In order to calculate the mean, or the average by hand of the checkings columns, one can add each individual entry and divide by the total number or rows. This would take much time, but thankfully, R has a command for this.

We have done an example using the checkings column. Compute the same using the savings column.

#Using the 'mean' function on checking to calculate the checking average and naming the average 'meanChecking'
meanChecking = mean(checking)
argument is not numeric or logical: returning NA
#Calling the average
meanChecking
[1] NA
#Find the average of the savings column and name the average of the savings meanSavings
meanSavings = mean(savings)
#Call mean savings
meanSavings
[1] 3.860083

Next, compute the standard deviation or spread of both the checkings and savings columns.

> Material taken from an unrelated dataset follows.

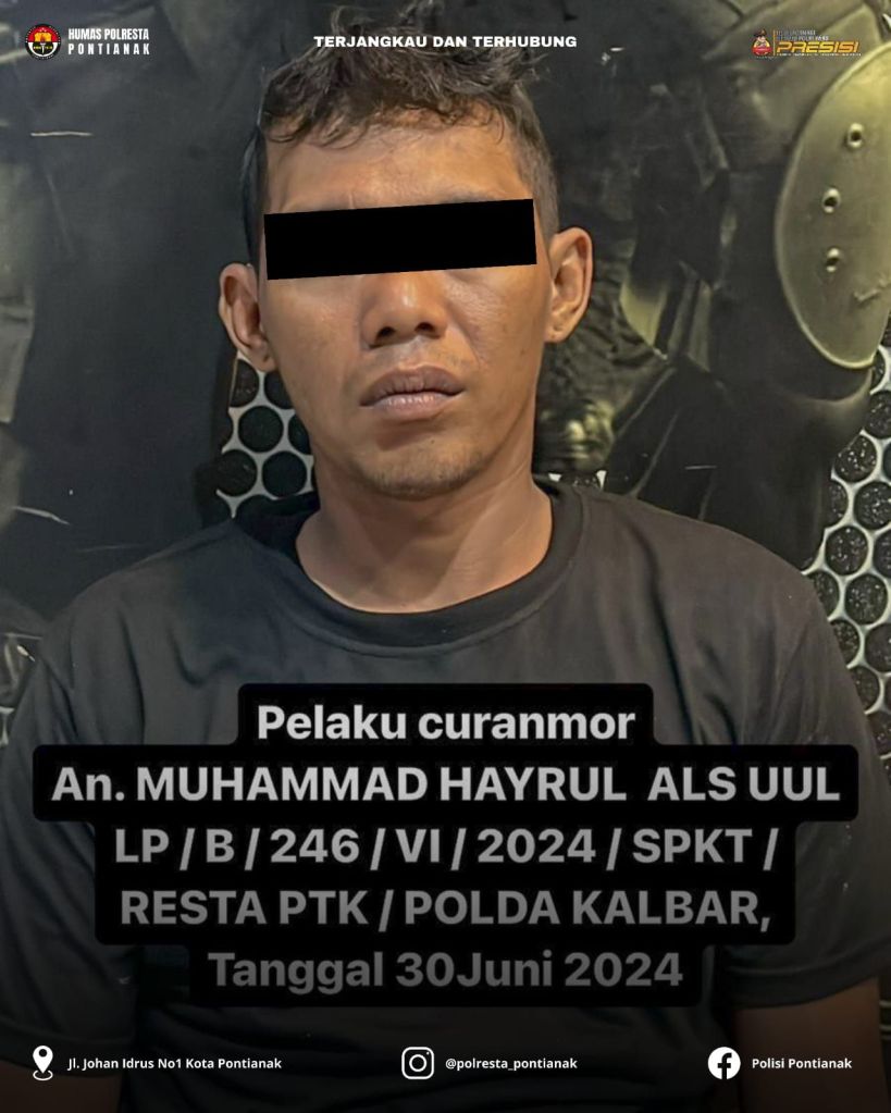 “Menindaklanjuti LP tersebut kami segera olah TKP dan menganalisa CCTV dan kami dapatkan bahwa tersangka yang telah mengambil sepmot pelapor merupakan residivis pencurian a.n UUL, dan akhirnya pada tanggal 30 Juni 2024 sekitar pukul 22.00 WIB kami mendapat informasi bahwa tersangka sedang berada di Jalan Tanjungpura nah disaat akan dilakukan penangkapan, tersangka berusaha kabur sehingga dilakukan tindakan tegas terukur dengan melumpukan tersangka dengan tembakan di kaki kiri dan kaki kanan”, ungkap Kompol Antonius.

#Computing the standard deviation of standard deviation
spreadChecking = sd(checking)
#Find the standard deviation of savings 
spreadSaving = sd(savings)
spreadSaving
[1] 3.726292

Now, to compute the SNR, the signal to noise ratio, a formula is created because there is no built in function.

SNR is the mean, or average, divided by the spread.

#Compute the snr of Checking and name it snr_Checking
snr_Checking = meanChecking/spreadChecking
#Call snr_Checking
snr_Checking
[1] NA
#Find the snr of the savings and name it snr_Saving
snr_Saving = meanSavings/spreadSaving
#Call snr_Saving
snr_Saving
[1] 1.035905

Of the Checking and Savings, which has a higher SNR? Why do you think that is? There is no “Checking” number in the scoring data sheet, so the only number to work with is the “savings” number.


Task 3

After using Watson Analytics to find patterns in the data, save your work and upload a screenshot here. Refer to Task 1 on how to upload a photo.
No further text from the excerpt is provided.